Hoje, 21 de setembro, é Dia Mundial do Alzheimer, e por isso resolvi ler este livro sobre esta temática. Foi uma narrativa que não só me tocou mas feriu por situações próximas que tive.
Já li outros livros da Rute Simões Ribeiro, mas este é, sem dúvida, o mais comovente de todos.
Aqui acompanhamos João, um carpinteiro septuagenário diagnosticado com Alzheimer. Mas não o vemos de fora. Ouvimos a sua voz, caminhamos na sua mente, sentimos a confusão dos dias, o embaralhar da memória, a perda do sentido do corpo. A cada página, percebemos como a doença corrói a identidade, mas não apaga a humanidade.

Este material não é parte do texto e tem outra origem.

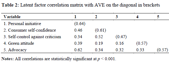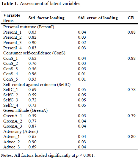 The statistical analysis commenced with confirmatory factor analysis and assessment of the measurement model that included all five constructs under investigation, namely green attitude, consumer self-confidence, self-control against criticism, advocacy, and personal initiative. After accounting for covariance between the second and third items of the scale that measured self-control against criticism, acceptable fit statistics were obtained: (Hair et al. 2019): χ2(141) = 330.62; (χ2/df = 2.34); comparative fit index (CFI) = 0.93; Tucker-Lewis index (TLI) = 0.91; and root mean square error of approximation (RMSEA) = 0.072.

“Fico em nódoa na minha cabeça e grito para o que vai cá dentro que me largue! Grito ao que há dentro e não compõe nada. E é ao corpo todo que despeço.” — assim fala João, mostrando o abismo em que se encontra. É poesia dura, que não romantiza a doença, mas dá-lhe palavras.
Mas não é só a voz de João que ecoa. Está sempre ali a presença de Carminho, a esposa, cuidadora, companheira de espera e de resistência. A doença não é apenas do doente — atinge quem ama, quem fica, quem segura a mão, quem relembra todos os dias o que já não é lembrado. Este livro dá também visibilidade a esse amor silencioso e pesado, que é cuidar.
“Carminho, é dia de ir à missa?” Ela gritou-me da cozinha, “Não!”. Fui para trás e sentei-me a ver televisão. Há dias em que me parece que ela sabe mais que eu, e não me dou ao trabalho de teimar. Pergunto-lhe e sei logo. A minha Carminho tem sempre a minha vida em dia."
Apesar da escrita poética, a autora não suaviza a dor. Pelo contrário: revela com delicadeza um tema cruel, mostrando a fragilidade de perder alguém em vida.
“Depois do portão, só sei saudade. Estes passos não se encontrarão com nada. Só cumprem distância e desencontro.”
Ao ler, lembrei-me do filme "O Pai", de Florian Zeller, onde Anthony Hopkins (Óscar de Melhor Actor, 2021) nos coloca dentro da desorientação de quem vive com demência. Tal como no cinema, também aqui somos arrastados para dentro da mente do doente. Vivemos o desencontro entre o homem que se lembra e o corpo que permanece — e também quem o acompanha até ao fim.
Há frases que ficam gravadas como cicatrizes:
“Sou a névoa, ergo-me em grãos de poeira que foram pele. Sou a peça passada de um homem translúcido. Sou a poesia de um homem de pó.”
O Homem sem Mim é um livro curto, mas imenso naquilo que provoca. É sobre perda, mas também sobre amor. Sobre o que desaparece, mas também sobre o que resiste. É também sobre os cuidadores, esses pilares invisíveis que sustentam tanto quanto sofrem.
De todos os livros da Rute, este foi o que mais me comoveu. Uma leitura necessária, especialmente neste dia, porque nos lembra que o Alzheimer não é só estatística: é vida, é dor, é amor.
A demência é luto em vida — para quem a vive e para quem cuida.